The states of New Jersey and Pennsylvania argued before the U.S. Supreme Court last week that they should not have to return to the federal government $1.45 million in Title I funds that the Education Department (ed) alleges were misspent prior to 1978.
In two cases heard together by the Court (Bell v. New Jersey and Bell v. Pennsylvania), the states argued that until 1978 ed had no specific statutory authority to recover federal funds and that the law cannot be “retroactively” applied.
Margaret Hunting, deputy attorney general of Pennsylvania, noted that the federal government has the “very effective remedy” of seeking criminal penalties in these cases or of withholding future funds.
The government is arguing, according to a brief filed with the Court, that the federal government has an “inherent right” to recover funds that have been illegally spent unless this right is expressly removed by the Congress.
At issue is the authority of the Education Department to recover federal funds distributed to the states that have been determined--through audits--to have been “misapplied” under the terms of Title I of the Elementary and Secondary Education Act of 1965--renamed Chapter 1 by a 1981 law known as the Education Consolidation and Improvement Act.
According to a brief filed by the Justice Department on behalf of the ed, there are 27 similar pending Title I cases, involving audit claims of more than $60 million, the outcome of which could be determined by the decision in this case.
The brief contends that the government stands to lose control of expenditures in over 1,000 grants and contracts administered by federal agencies other than ed
In 1980, the ed asked the two states in the Supreme Court suit to return Title I funds based on earlier audits showing that between 1967 and 1973 the two states had spent their allocations on some schools that did not qualify for Title I aid.
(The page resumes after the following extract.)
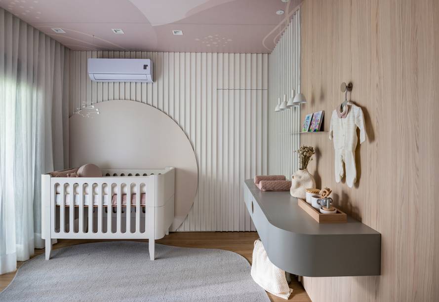 O quarto do bebê foi projetado com tons suaves, que ajudam a evitar superestimulação visual. A decoração simples e minimalista facilita o acesso a itens essenciais como fraldas e roupas.
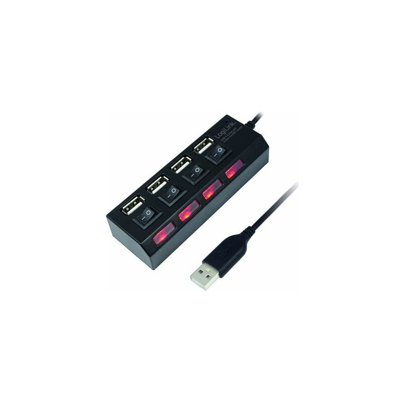connexions: 4 x USB-A femelle, 4 x interrupteur par port USB compatible avec USB 1.1 & 2.0 standard, voyant LED pour le fonctionnement, taux de transfert maximal de 480 Mbps, câble de connexion USB, bloc d’alimentation (5 V/2 A) dimensions: (L)143 x (P) 230 x (H) 70mm (UA0128)

However, the U.S. Court of Appeals for the Third Circuit ruled in 1981 that the states did not have to return the money because the alleged improper expenditures took place before the General Education Provisions Act of 1978 (gepa) established the Education Appeal Board and gave the federal government explicit power to demand the return of improperly spent funds.
The appeals court relied on the “overarching principle” of Pennhurst State School & Hospital v. Halderman, a 1981 decision in which the Supreme Court said “the terms and conditions of a federal grant must be set forth clearly and unambiguously in the statute authorizing the grant.”
Soon after that, the U.S. Court of Appeals for the Fourth Circuit reached the opposite conclusion in a case involving West Virginia and ordered the state to return to the federal government $125,000 of a 1975 Title I grant.
The government appealed the Third Circuit’s ruling to the Supreme Court. The states of West Virginia and Maryland (which has also been ordered to repay Title I funds) have filed friend-of-the-court briefs.